Prerequisites: you need to be familiar with both modular arithmetic and Fast Fourier Transform / number theoretic transform. The latter can be a rather advanced topic, but I personally found this article helpful. Note that there are some relatively easy optimizations/improvements that can be done, like precalculating the modular inverse of $$$n$$$, the "bit-reversed-indices" (can be done in $$$O(n)$$$ with DP), as well as the powers of $$$\omega_n$$$. Also useful is modifying it so that the input array length can be any power of two $$$\leq n$$$; some problems require multiplying polynomials of many different lengths, and you'd rather the runtime be $$$O(n \log n)$$$ over the sums of lengths, rather than (number of polynomials * maximum capacity).

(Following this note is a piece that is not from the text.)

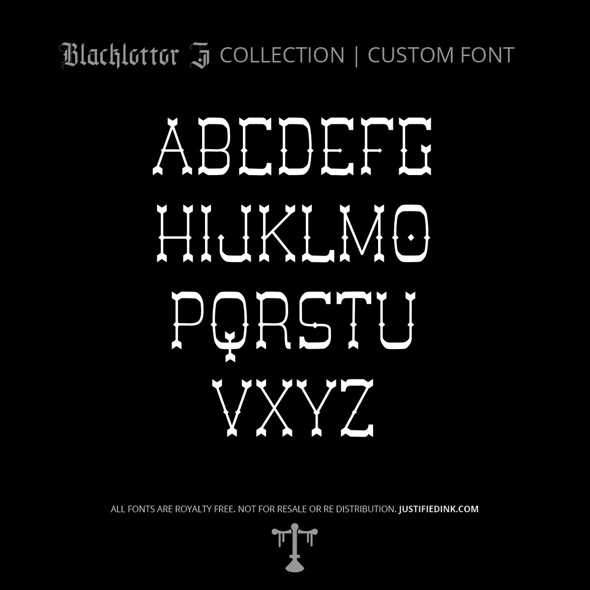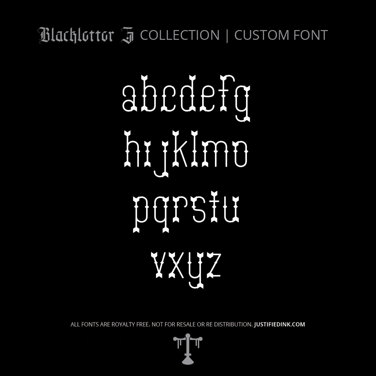 Blackletter Z is the newest addition to Justified Ink’s Atmospheric Blackletter Collection. This release builds on Blackletter II and III with over 40 new gothic fonts—including uppercase, lowercase, and full punctuation.

Also helpful is knowing how to use NTT to solve problems modulo $$$998244353$$$, like 1096G - Lucky Tickets and 1251F - Red-White Fence. Note that for some problems it's easier to think of FFT not as multiplying polynomials, but of finding multiset $$$C$$$ as the pairwise sums of multisets $$$A$$$ and $$$B$$$, in the form of arrays $$$A[i] =$$$ number of instances of $$$i$$$ in multiset $$$A$$$. This is equivalent to multiplying polynomials of the form $$$\sum _{i=0} ^n A[i]x^i$$$.

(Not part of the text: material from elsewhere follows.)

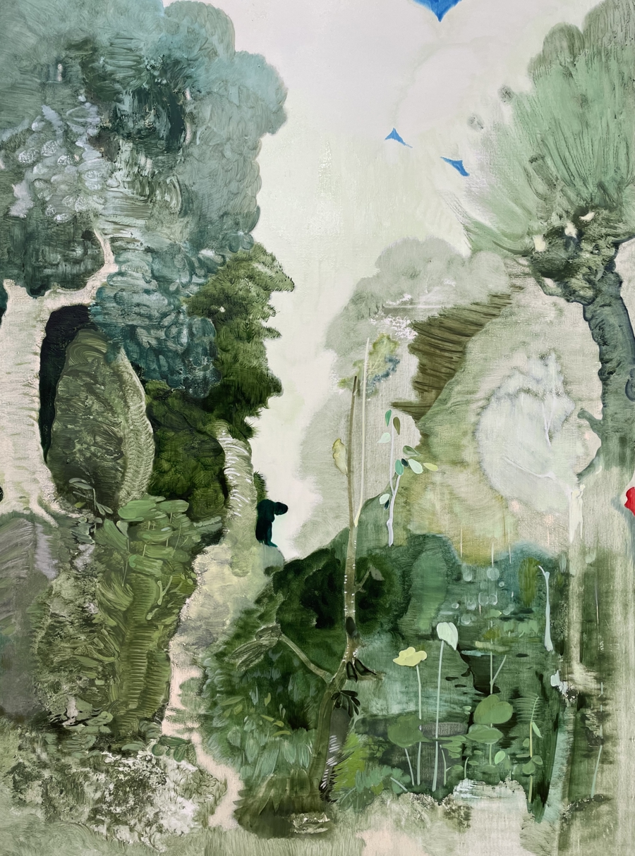 将自然景物与内心世界融合在一起,营造出一种既真实又抽象、既轻松愉悦又超凡脱俗,既描绘美好又蕴含抗争的独特氛围,这是汪一的艺术语言。乍一看,这些作品显得截然不同,红色、绿色和灰色调,风景、叙事和寓言,但它们都传递着相同的信息。这不仅展现了其个人内心深处的非理性话语,更蕴含着创作过程中那些细腻而独特的个人内在体验。

Note that $$$\omega_n$$$ can be easily found via the formula $$$g ^ {(m-1) / n} \ \text{ mod } m$$$, provided that:

$$$m$$$ is prime
$$$g$$$ is any primitive root modulo $$$m$$$. It is easiest to find this before hand and then hardcode it in the submission. You can either implement the algorithm yourself or use Wolfram Alpha to find it via the query PrimitiveRoot[m]. (Spoiler alert, $$$g = 3$$$ works well for $$$998244353$$$)
$$$n$$$ divides $$$m-1$$$ evenly. As $$$n$$$ is typically rounded up to the nearest power of 2 for basic FFT implementations, this is easiest when $$$m$$$ is of the form $$${a \cdot 2^{k} + 1}$$$ where $$$2^k \geq n$$$. This is why $$$998244353$$$ is a commonly-appearing modulus; it's $$$119 \cdot 2^{23} + 1$$$. Note that this modulus also appears in many problems that don't require FFT/NTT; this is a deliberate "crying-wolf" strategy employed by puzzle writers, so that you can't recognize immediately that a problem requires FFT/NTT via the given modulus.

Now onto the main topic, the "ultimate" NTT.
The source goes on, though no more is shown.